A) LGG-1/ATG8 must be lipidated in order for it to form punctate structures. The transgenic reporter could be crossed into various autophagy gene mutants that abolish LGG-1 lipidation, including atg-4.1; atg-4.2, atg-16.1; atg-16.2, atg-3, atg7, and then the formation of puncta can be examined. If mCherry-gfp-lgg-1 puncta are absent in those mutants, it indicates that the puncta represent autophagic structures. The expression of this tandem reporter could also be examined in mutants of the Atg1 kinase complex, in which LGG-1 displays a unique distribution pattern at embryonic stages.

To further validate our new mCherry::GFP::LGG-1 reporter, we have expressed and examined it in atg-3(bp412) and atg-18(gk378) mutants (we note that we also attempted to introduce the reporter in atg-4.1(bp411) and unc-51(e369) mutants, yet we were unable to optimize protocols and finalize these crosses in time for resubmission). In embryos, the atg-3(bp412) mutant has been reported to lack puncta as detected by using an antibody to label endogenous LGG-1 (Tian et al., 2010). Interestingly, we observed more autophagosomes (AP) and less autolysosomes (AL) in both atg-3(bp412) and in atg-18(gk378) mutants compared to wild-type (WT) transgenic animals (Author response image 1A-C). We also found that atg-18(gk378) mutants expressing GFP::LGG-1had increased number of GFP-positive punctae (i.e., APs; Author response image 1D unpublished results, C. Kumsta and M. Hansen). Similarly, we saw APs increase and ALs decrease in WT transgenic animals expressing mCherry::GFP::LGG-1 that were fed bacteria expressing dsRNA for two generations to inhibit unc-51/atg-1 and atg-13 (both part of the ATG1 kinase complex) in addition to bec-1 and atg-9 (Class II PI3K Complex – required for vesicle nucleation) and atg-7 and atg-18 (required for vesicle elongation to form a puncta) (Author response image 2).
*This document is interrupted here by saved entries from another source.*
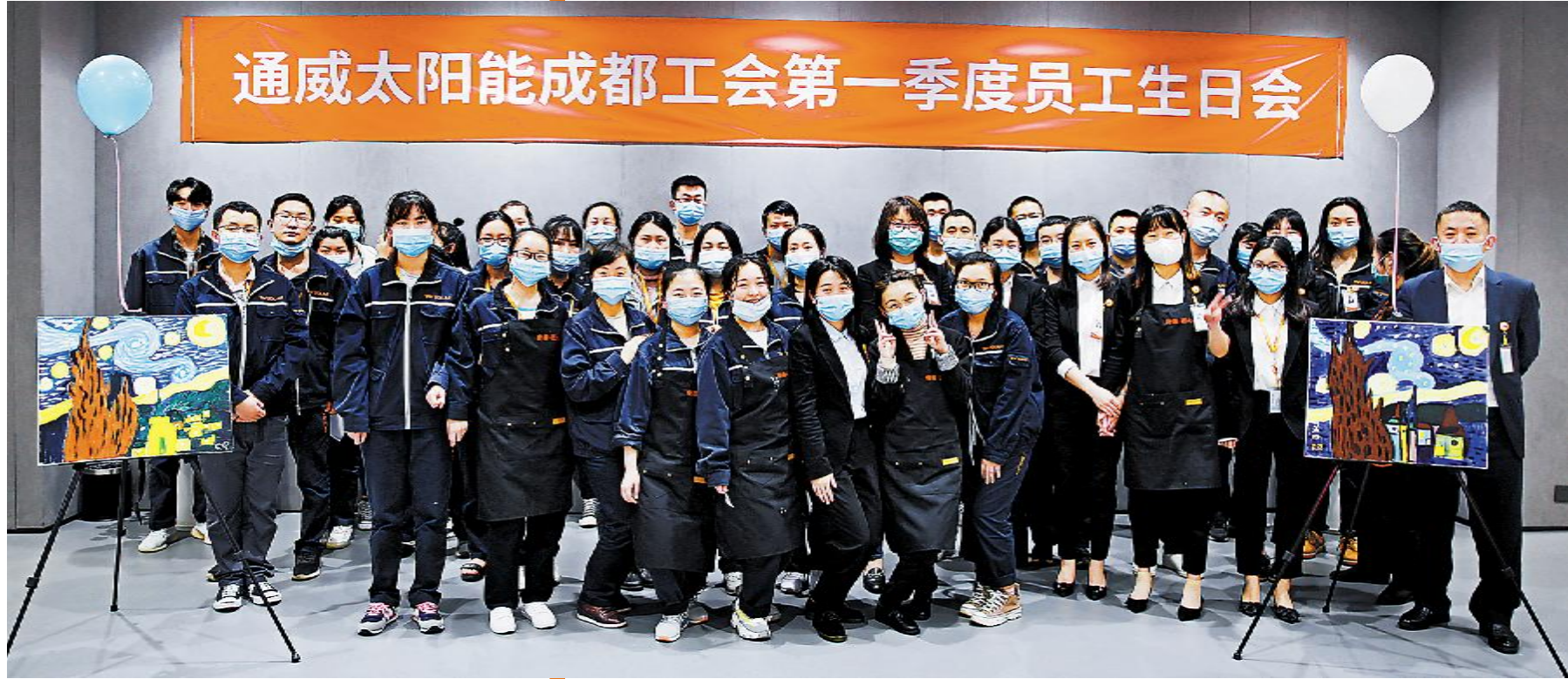
成都公司 2020 年第一季度员工生日会合影留念
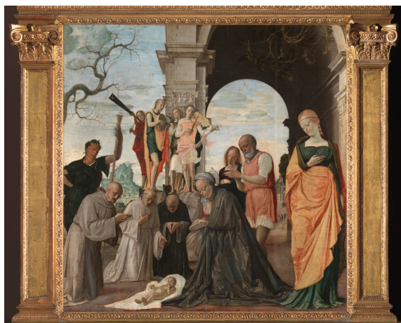
Рисунок 5. Брамантино, «Поклонение Младенцу», 1485. Милан, Пинакотекa Амброзиана
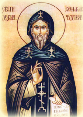
Ό Όσιος Ίωαννίκιος, ό έν Δέβιτις (Σερβία)
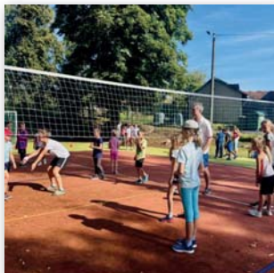
Turnaj v „přehazované“

Dne 5. 9. 2025 jsme ve spolupráci ze ZŠ Tučapy uspořádali sportovní dětský den. Turnaj v přehazované doplnily další disciplíny, hod na koš, skok snožmo, hod medicinbalem, slalom na koloběžce, střelba na branku (florbal), hod na cíl a přetahování lanem. Všechny děti projevily velkou snahu dosáhnout co nejlepší výsledky a byly odměněny za své sportovní výkony cenami.
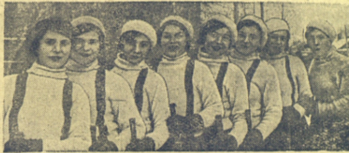
На снимке: команда на катке „Динамо“.

Девушки-физкультурницы команды „Рот-Фронт“ (г. Череповец, Вологодской области) в женском розыгрыше по хоккею заняли первое место.
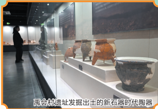
禹会村遗址发掘出土的新石器时代陶器

大禹文化是淮河文化的核心，在中华文明的形成过程中占有重要的地位。4月25日上午，2025年蚌埠市首届大禹文化节暨第四届社会各界祭祀大禹典礼活动盛大启幕，通过文化交流、经贸洽谈等18项活动，向世人展示流淌在蚌埠人血脉中的大禹精神与大禹共识，彰显中华优秀传统文化的永恒魅力与蓬勃生命力。文/吴承江
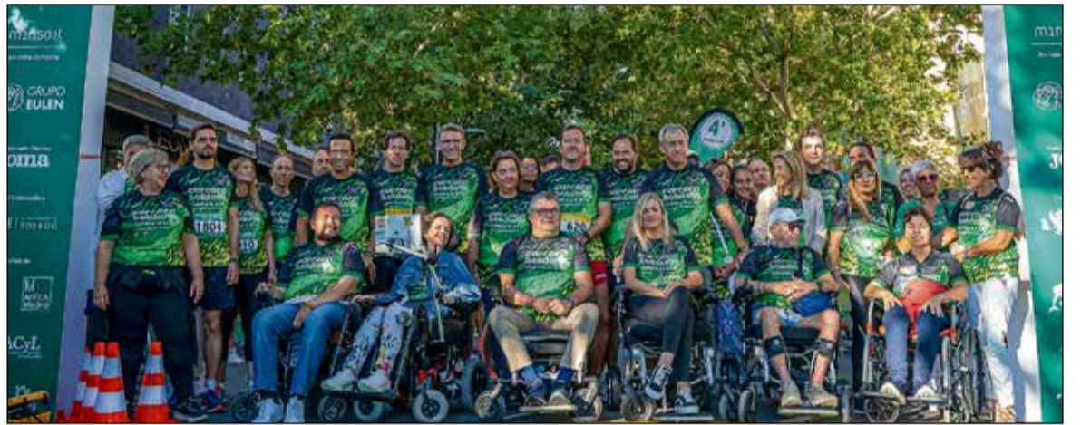
Imagen de la carrera del año 2023.

Las inscripciones para la carrera, tanto en modalidades infantiles como generales, ya están abiertas a través de la web de la Fundación, www.eurocajarural.fun , y se extenderán hasta el 3 de octubre. Este año, la carrera estará
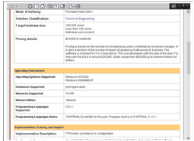
Stranica s informacijama o proizvodu (nastavak)

du, demo, cjenik), i to odmah, ili bi vam samo koristili da se mogu dobiti, ili pak samo "razgledavati" (jasno, potpuno slobodno i bez obaveze).
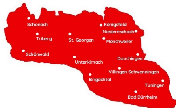
Gebiet des DRK-Kreisverband Villingen-Schwenningen

Darüber hinaus sind rund 300 Juniorhelferinnen und Juniorhelfer, sowie Schulsanis als Jugendrotkreuz-Angehörige an den folgenden Schulen im Kreisverbandsgebiet aktiv:
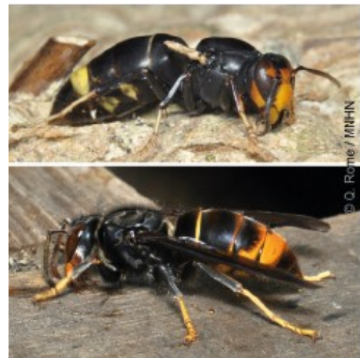
Rome, Q., Villemant, C. Le Frelon asiatique Vespa Velutina - Inventaire national du Patrimoine naturel. In: Muséum national d'Histoire naturelle- http://frelonasiatique.mnhn.fr

Au printemps, la reine est beaucoup plus grande que les ouvrières car ces dernières se sont développées dans de petites alvéoles du nid primaire.
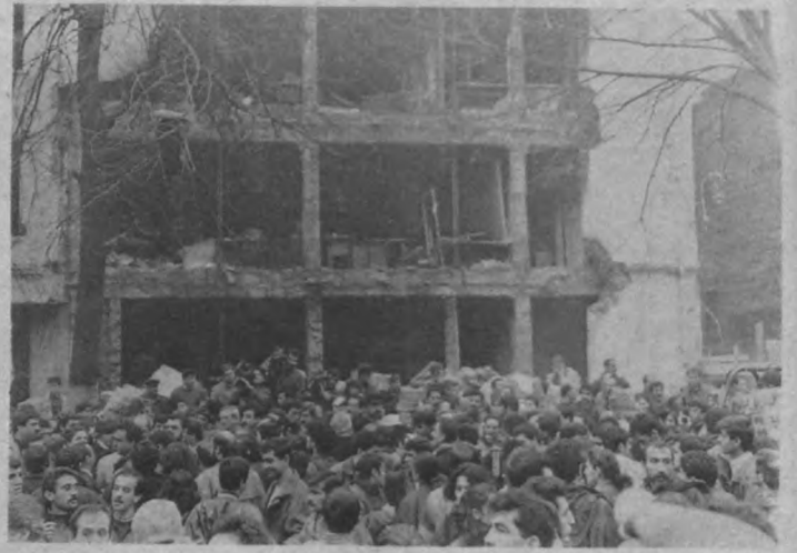
Bombalanan Özgür Ülke'nin yıkıntıları arasında yükselen devrimci dayanışma, Özgür Ülke'yi yaşıyor. Ya bombala emrini verenler... battıkça batıyor.

"Özgür Ülke'nin her sayısının toplatıldığı, dağıtımı devlet gücünce engellendiği, 35 çalışana halen tutuklu bulunduğu halde, bu
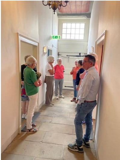
Jaaruitje bij het Palthe museum en Erve Hulsbeek te Oldenzaal
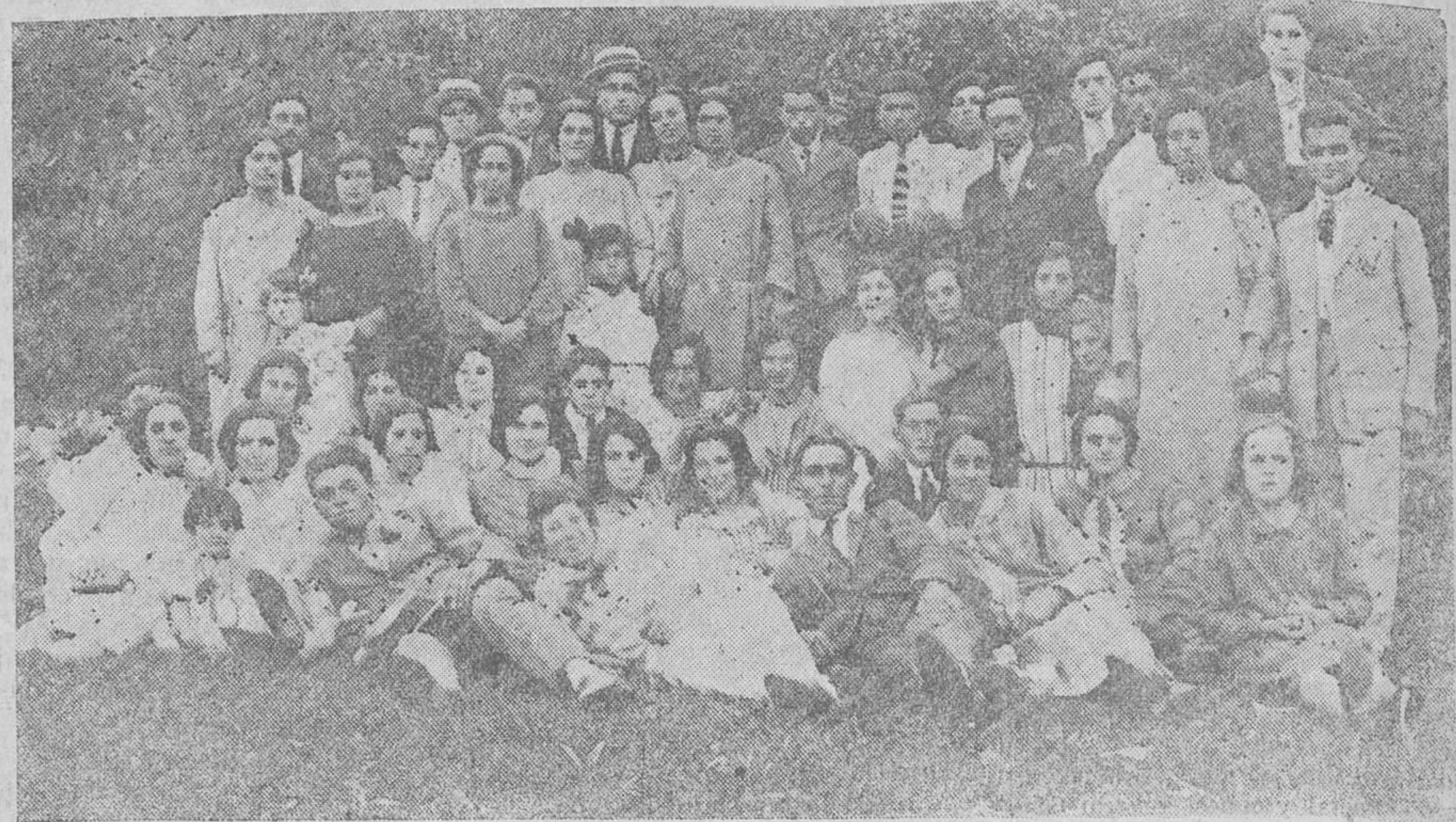
SAN VICENTE DE LA BARQUERA. -- Grupo de asistentes á la romería de las Nieves, en Gandarilla.

Por la tarde, un concurrencísimo baile de pitero y tambor hizo las delicias de la juventud. Hubo derroche de ale-
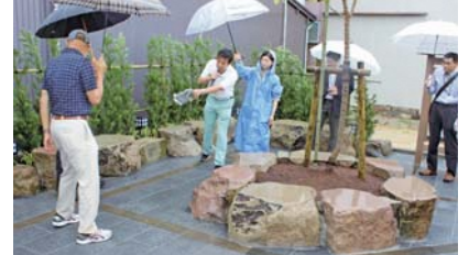
ポケットパークに刻まれた刻印(レプリカ)を紹介
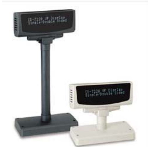
Lector óptico (Pistola)

Sin temor al infinito Calle 67 No. 6-60 Penthouse, Bogota – Colombia Tel (57-1)2495500 enarriendo@capigono.com.co
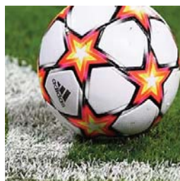
Football : Premier League
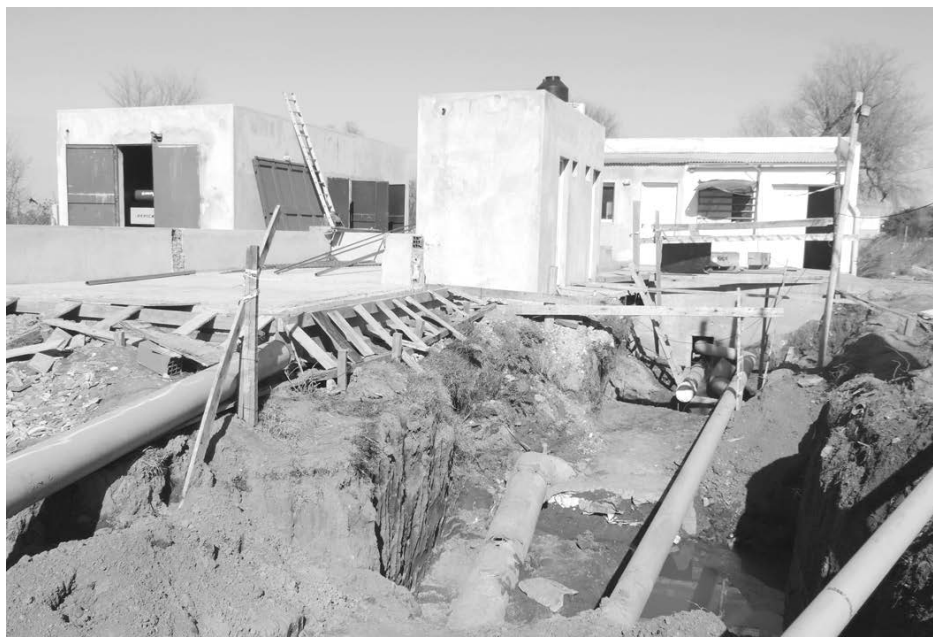
Vista de los trabajos de entubado que lleva adelante la empresa.

También destacó el rol de la Defensoría del Pueblo, "que permitió, ante la vulneración de los derechos del vecino; abrir las puertas de los ministerios necesarios para que la obra se ejecute".
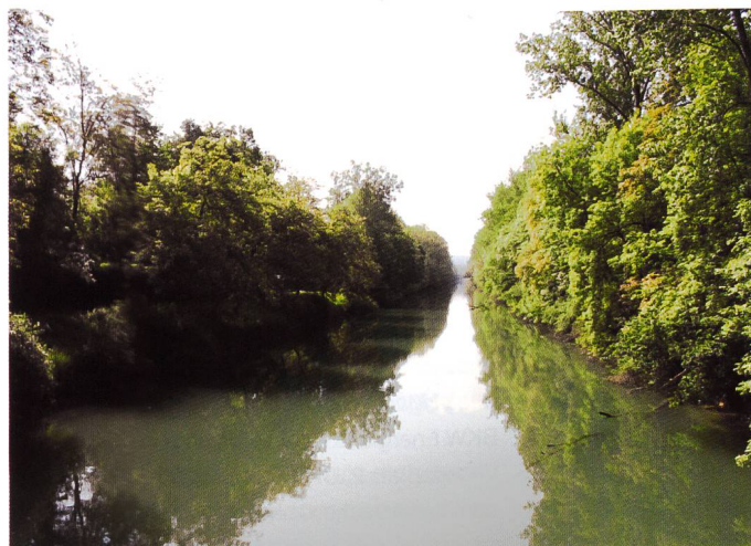
Bild 6. Kallnachkanal vor der Realisierung des Revitalisierungsprojekts (Quelle: Alnus AG).
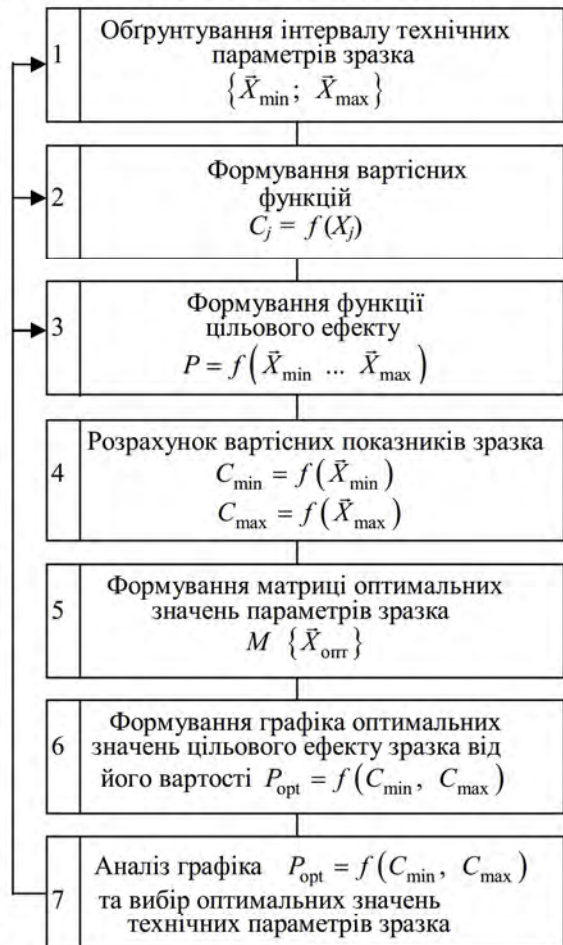
Рис. 1. Схема розв’язування задачі оптимізації параметрів зразка

У блоці 1 на підставі попереднього оперативнотактичного аналізу, а також наукових, технологічних, економічних можливостей обґрунтовуються значення
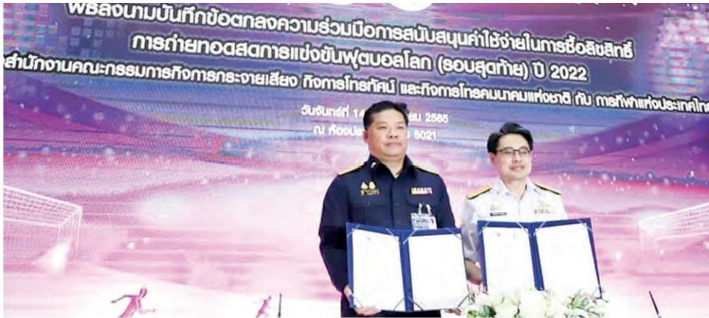
ดร.ก้องศักดิ์ ยอดมณี ผู้ว่าการการกีฬาแห่งประเทศไทย

การกีฬาแห่งประเทศไทย ได้รับเงินสนับสนุนในการซื้อลิขสิทธิ์การถ่ายทอดสดฟุตบอลโลก 2022 รอบสุดท้ายที่ประเทศกาตาร์ จากสำนักงานคณะกรรมการการกระจายเสียง กิจการโทรทัศน์ และกิจการโทรคมนาคมแห่งชาติ หรือ กสทช. จำนวน 600 ล้านบาท ซึ่งมีการเซ็นสัญญาลงนามบันทึกข้อตกลงอย่างเป็นทางการ (MOU) ในวันที่ 14 พฤศจิกายน 2565

Our data are consistent with recent work from Dr. Noburo Mizushima’s lab, which has examined Atg8 conjugation mutants affecting the closure (fission) step such as Atg5, Atg4b, and Atg3. Specifically, they observe that these mutants can form autophagosome-like structures that are labeled with the syntaxin protein Stx17 and can fuse with lysosomes but take ~10x longer to convert to an autolysosome compared to WT (Tsuboyama et al., Science, 2016). This may explain why we observed an increased numbers of APs and decreased ALs in atg-3(bp412) and atg-18(gk378) mutants expressing the mCherry::GFP::LGG-1 reporter. While we do not know the reason for the observed difference between embryonic and adult LGG-1 puncta numbers in atg-3(bp412) mutants, we speculate that it may relate to redundancy in adult functions of this gene.

Author response image 1
atg-3 and atg-18 mutants have more APs and less ALs compared to wild type.

(A) Hypodermal seam cells in wild-type (WT), atg-3(bp412) and atg-18(gk378) transgenic animals expressing mCherry::gfp::lgg-1, imaged using confocal microscopy at Day 1 of adulthood. (B-C) Quantification of autophagosomes (AP) and autolysosomes (AL) in hypodermal seam cells (B) and intestine (C) of adult Day 1 WT, atg-3(bp412), and atg-18(gk378) animals expressing mCherry::gfp::lgg-1. Data are the mean ± SEM of ≥29 animals combined from three experiments. ****p< 0.0001 by ANOVA. (D) Hypodermal seam cells in WT and atg-18(gk378) transgenic animals expressing gfp::lgg-1 imaged using Zeiss apotome at Day 1 of adulthood. Data courtesy of Dr. Caroline Kumsta, Hansen lab.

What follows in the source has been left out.